A few thoughts from other people:
And it begins… Obama girls’ diets, weight make national news
Public Health, Nutrition, and the Obama family
The Obama Girls Are Not The Olsen Twins
Is This "Healthful?"


Anonymous said...

I totally agree with this post. That stuff is awful for you but she is only 10 and from what I seen I cant imagine her being too chunky. But yest I think they need to promote how awesome the food is and how wonderful its for you and environment.

Liz said...

I somewhat disagree with your post. I think you may be overreacting a bit.

"Why would Malia's doctor tell the Obamas to toss out the processed foods if he didn't think there was a causal relationship between these foods and Malia's increase in weight?"

Because juice boxes, processed foods, and sweets shouldn't really be a part of any 10 year old's diet.

I agree that we should stress the importance of fresh, local food for many reasons. I also think that the Obamas were correct to consult the doctor and cut those items out of their daughter's diet. JMO

Elyse said...

You're right: local, organic foods do taste better, first and foremost. It's an added bonus that many of them have to be healthy. If we focused on eating these great foods, I think the "health" aspect might just fall into place!

Laura Rebecca said...

Thank you for your comments, ladies!

Liz, I respect your opinion and agree with you that reducing refined sugars & grains in all diets (and by "diet" I mean "what people eat," not a "lose weight" diet) is a good idea.

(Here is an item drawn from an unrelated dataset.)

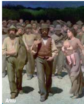
Fragment del quadre «El quart estat»

Fa uns dies, en una acció educativa amb joves, vam treballar el tema i en una primera part vam argumentar l'ideal en diversos camps referents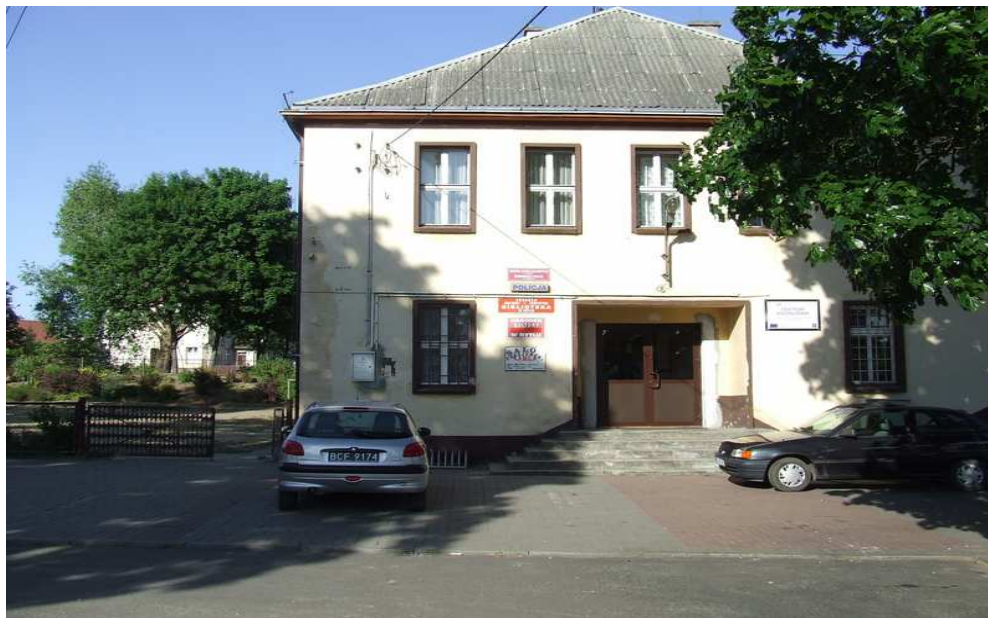
Fot. 4 Ośrodek Kultury w Rytle.

Budynek Ośrodka Kultury znajdujący się naprzeciw Wielkiego Kanału Brdy jest również siedzibą Przedszkola samorządowego wchodzącego w skład Zespołu Szkół w Rytle. Przy bocznej części budynku znajduje się plac zabaw dla dzieci.

But my problem with the above quote is that the Obamas, in consultation with their pediatrician, reduced those things in Malia's diet because she was "getting chubby," something that the pediatrician "really monitors."

The weight gain was the motivating factor in changing the diet, not that sweets and processed foods should be a "sometimes food". It's a meme -- associating one's weight with their physical health -- that I have lost all patience with.

Anonymous said...

I agree with this post. What I always find funny is that people equate organic and local with being some sort of amazing weight loss health food. it is much healthier, without all the processing and god knows what is in the other stuff, and that certainly has its benefits for your health. I eat almost completely local and organic, and I swear there is nothing "diet food" about the stuff that I bake. Sure, I am not using processed sugars and i am incorporating whole grains whatnot, but you aren't going to lose your gasp chubby figure by eating organic or local.
Now, if people were to focus on the actual health benefits of eating local and organic, that would really be something. I have an auto immune disorder that has improved substantially by going the organic route.
However, kudos to Michelle Obama for at least addressing the issue and opening it up for conversation/awareness.

Deborah Eley De Bono said...

That is a bit scary thinking an eight-year-old was a bit chubby and needed help. I do agree there are some younger kids with horrible eating habits that are not so much overweight but under exercised but a bit chubby should not be a red-flag for parents to put them on a diet.

Lisa said...
This comment has been removed by the author.
Laura Rebecca said...

Thanks for your comment Lisa.

I *do* have kids. But, whether I do nor not does not dictate my being "right" or "wrong" about this -- it's simply my opinion.

I do believe that everyone should be eating fresher, unrefined. But, I don't believe that BMI or physical weight is directly correlated to health issues/problems. Here are some reasons why. Also, here's an interesting post called The BMI Project that challenges the standards set by BMI.

Nor do I believe that one's weight(as outlined by the Obama's pediatrician) is the REASON we should avoid processed foods.

Anonymous said...

I have to diagree with this. I DO think we have to instill a greatly different attitude towards food in our children because, yes, childhood obesity most definitely is caused by unhealthy eating and activity behavior. Genetics has little to do with it; it controls WHERE the fat goes, but certainly not how much.